(Data records)
=======

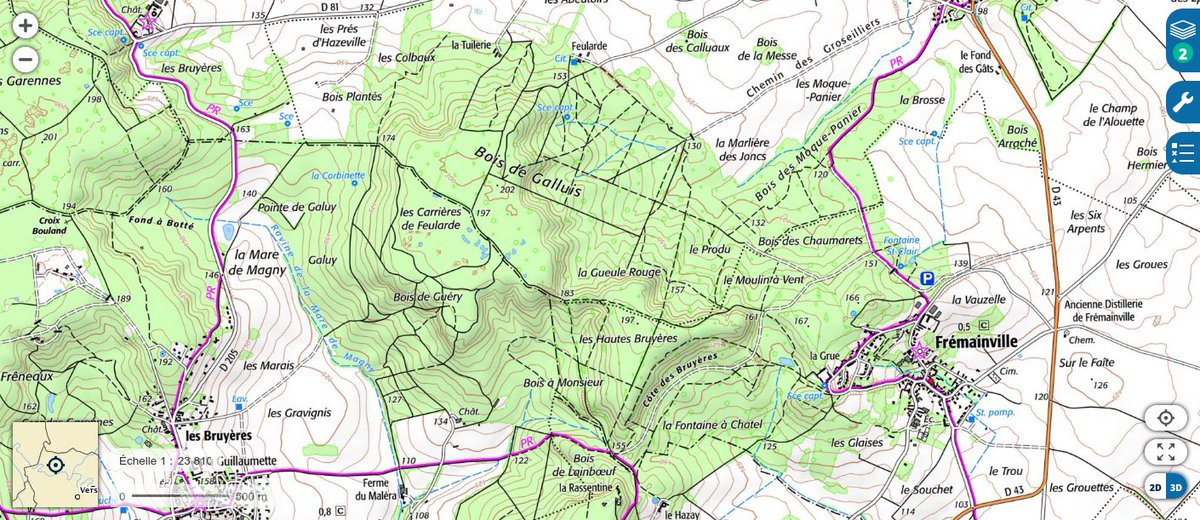 L'itinéraire que nous avons fait, et la carte de l'endroit sur Géoportail (geoportail.gouv.fr/carte?c=1.8441…). Nous avons été particulièrement emmerdés (i.e., emboués) entre 3km et 5km sur la balade (mais de 5km à 7km ce n'était pas terrible non plus).
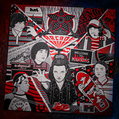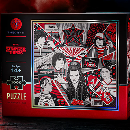 Adapté à partir des illustrations entièrement personnalisées de nos cartes à jouer Stranger Things, ce puzzle de 1 000 pièces donne vie aux personnages emblématiques et aux références de la série avec un niveau de détail saisissant. Les pièces du puzzle sont recouvertes d'une feuille holographique rouge et argentée et sont livrées dans une pochette de transport haut de gamme.
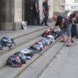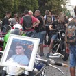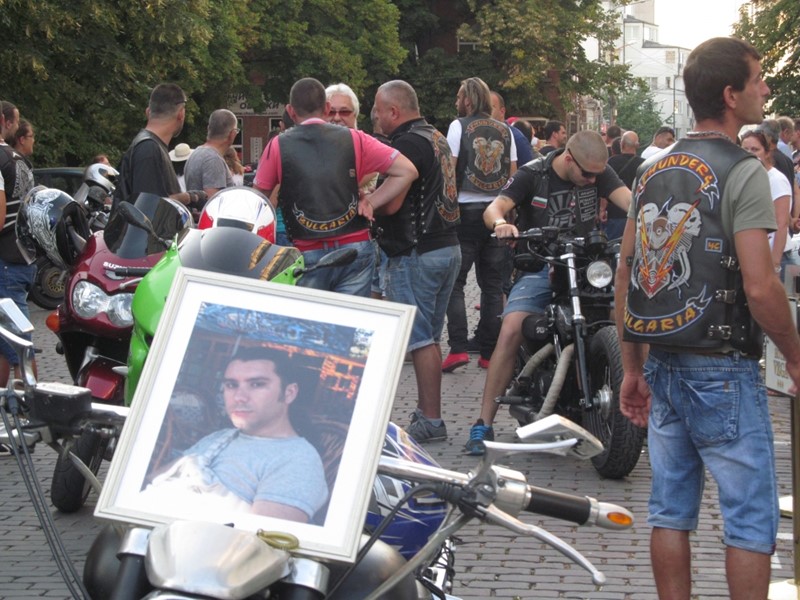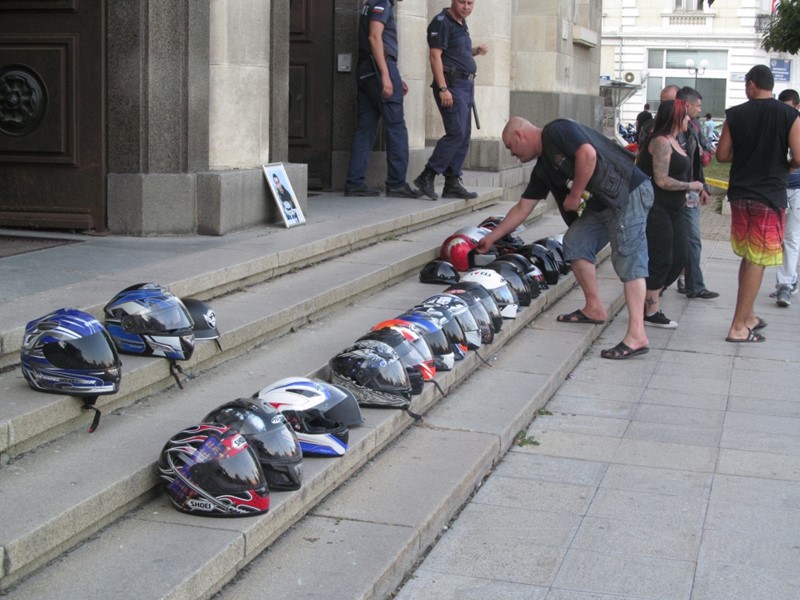 След като се събраха с моторите си на паркинга до Съдебната палата, протестиращите излязоха на площада и наредиха каските, както и портрети на загиналия си мото брат Ивайло си точно пред сграда на Темида в Русе.
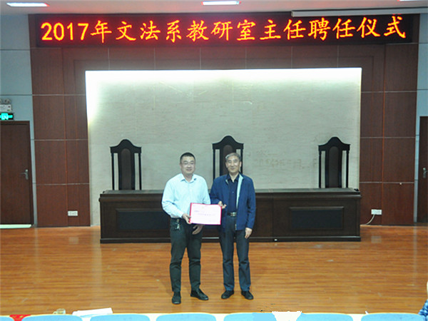 5月2日下午,文法系在模拟法庭举行2017年文法系教研室主任聘任仪式,系党总支书记马福泉主持,系全体教工参加。
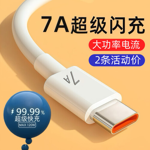 - 手机数据线适用华为typec7A快充p70p30p40mate荣耀nova7pro小米vivo手机tapyc充电线安卓typec 2.0米【2条装】
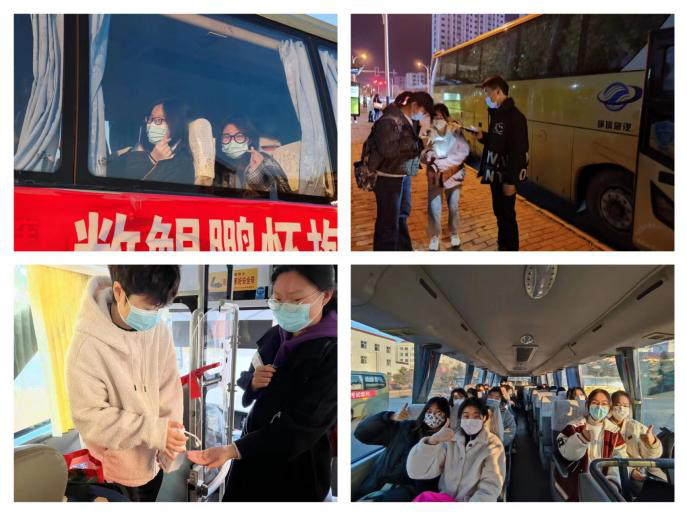 三是爱心送考,助力考生。志愿者在车上帮助学生检查防疫材料和考试用具是否带齐,为考生加油鼓劲和解压疏导,让学生“轻装”上阵。对于学校的精心准备和细心安排,考生们纷纷表示感谢,相信大家也一定会用优异的成绩回馈母校。
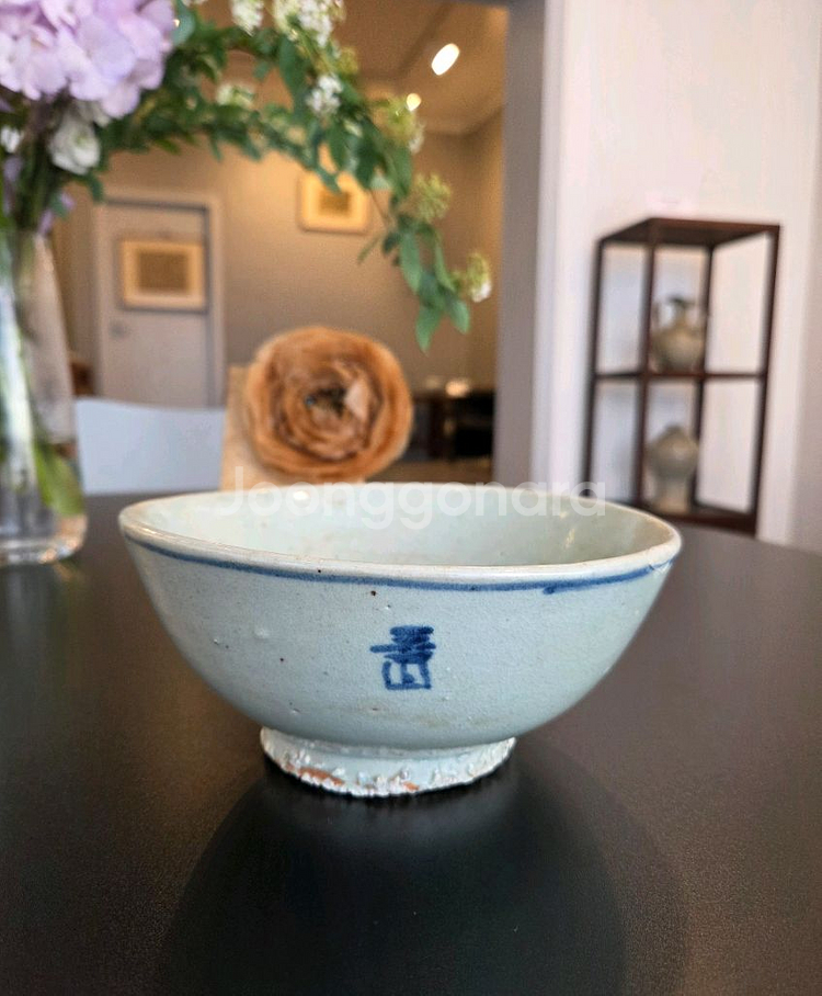 구연은 직구이고, 동체의 외측면선이 완만한 사선을 이루면서 저부로 갈수록 좁아드는 형태의 발입니다 발의 외측 구연 아래에는 청화로 선을 두르고 그 아래 삼면에 목숨 수자를 시문하였으며, 내저면에도 청화가 시문되었습니다 목숨"수"자는 장수를 기원하는 의미에서 시문하는 경우가 많은데 여기에서는 글자가 도안화된 모습입니다 이렇게 도안화된 문자로 볼때 양구지역 칠전리 일대로 추정이됩니다 태토는 잡물이 약간 보이고, 갈색빛이 도는 백색을 띠며, 유약은 청백색의 투명 유 입니다. 굽은 높고 접지면에 유를 닦고 모래를 받쳐 번조하였습니다 전반적으로 상태가 양호하며 전 끝부분에 밖으로만 튐수리를 하였습니다 제원: 구연부 17.2cm x 높이 7.7cm
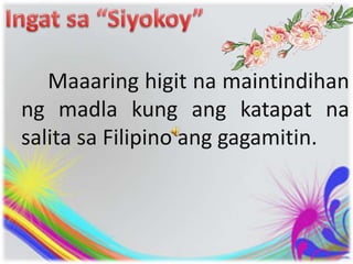 1mailahad ang uri ng balabaybayan at tuntunin nito2maibigay ang maikling kaalaman hinggil sa filipino bilang wikang pambansa3matutukoy ang mga makabagong alpabetong filipino 4maisa isa ang mga gabay tungo sa ortograpiyang filipino5mabigyang kahulugan ang pantig at pagpapantig. Ay pambansang timpalak sa pagbaybay sa wikang Filipino na batay sa mga umiiral na tuntunin ng Ortograpiyang Pambansa at Manwal sa Masinop ng Pagsulat. Ang Ortograpiyang Filipino ay tumutukoy sa mga tuntunin kung paano sumulat nang wasto sa wikang Filipino.
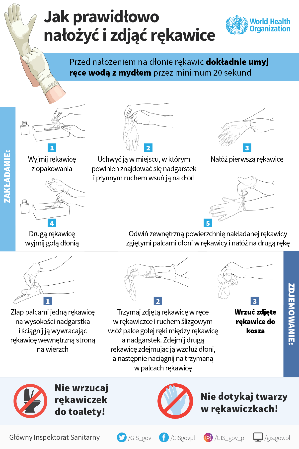 Poniżej podstawowe zasady korzystania z maseczki, rękawiczek oraz mycia i dezynfekcji rąk.
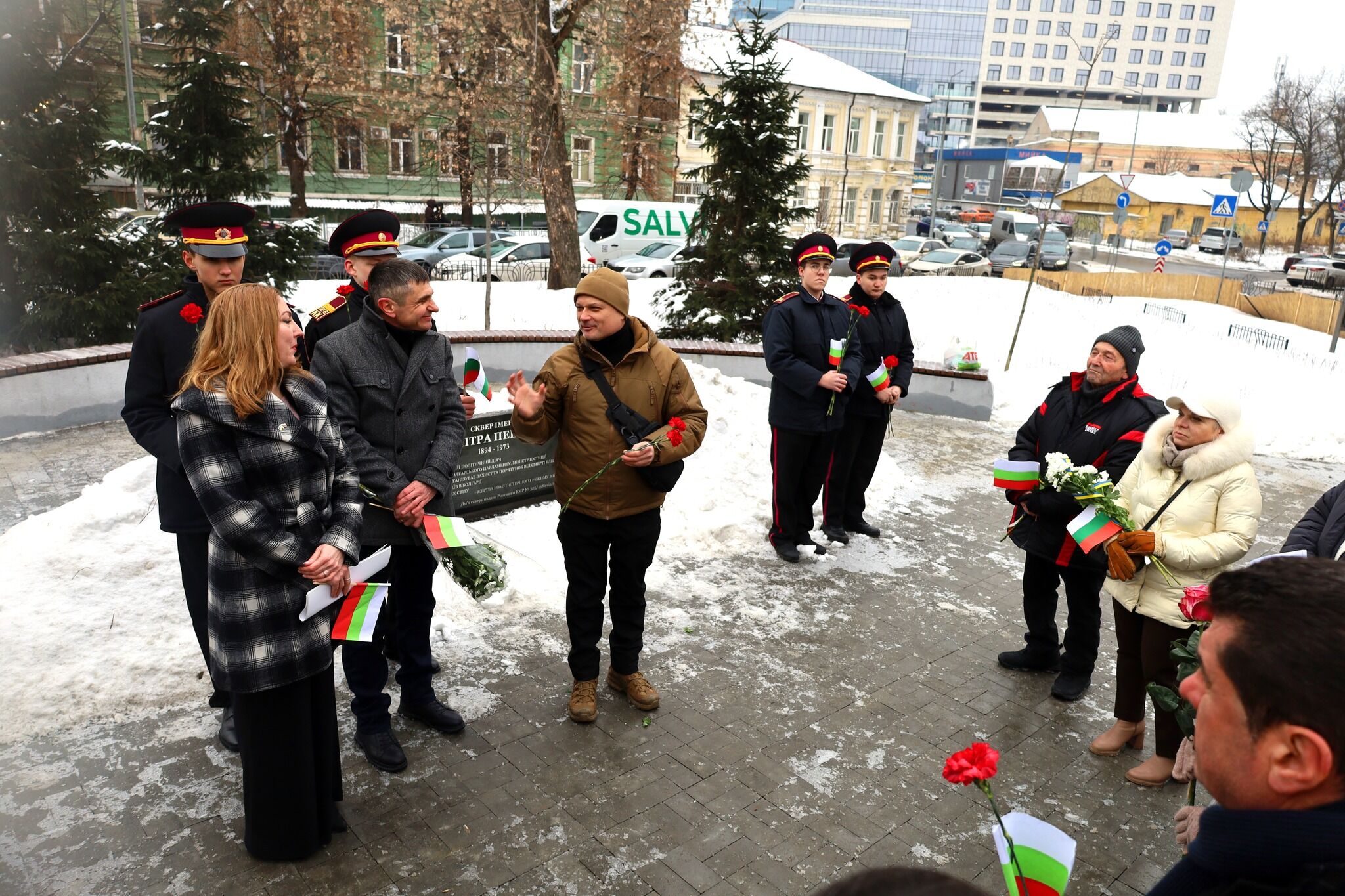 На початку заходу пролунали гімни України і Болгарії. Після цього відбулося покладення квітів до пам’ятного знаку на честь Дімітра Пешева.

=======

GOAL OF THE EXERCISE: Starting with the line above that holds "三是爱心送考,助力考生。志愿", restate each line word for word up to and including the line that holds "구연은 직구이고, 동체의". Drop the pictures.

RESULT FOR THIS EXERCISE:
 三是爱心送考,助力考生。志愿者在车上帮助学生检查防疫材料和考试用具是否带齐,为考生加油鼓劲和解压疏导,让学生“轻装”上阵。对于学校的精心准备和细心安排,考生们纷纷表示感谢,相信大家也一定会用优异的成绩回馈母校。
 구연은 직구이고, 동체의 외측면선이 완만한 사선을 이루면서 저부로 갈수록 좁아드는 형태의 발입니다 발의 외측 구연 아래에는 청화로 선을 두르고 그 아래 삼면에 목숨 수자를 시문하였으며, 내저면에도 청화가 시문되었습니다 목숨"수"자는 장수를 기원하는 의미에서 시문하는 경우가 많은데 여기에서는 글자가 도안화된 모습입니다 이렇게 도안화된 문자로 볼때 양구지역 칠전리 일대로 추정이됩니다 태토는 잡물이 약간 보이고, 갈색빛이 도는 백색을 띠며, 유약은 청백색의 투명 유 입니다. 굽은 높고 접지면에 유를 닦고 모래를 받쳐 번조하였습니다 전반적으로 상태가 양호하며 전 끝부분에 밖으로만 튐수리를 하였습니다 제원: 구연부 17.2cm x 높이 7.7cm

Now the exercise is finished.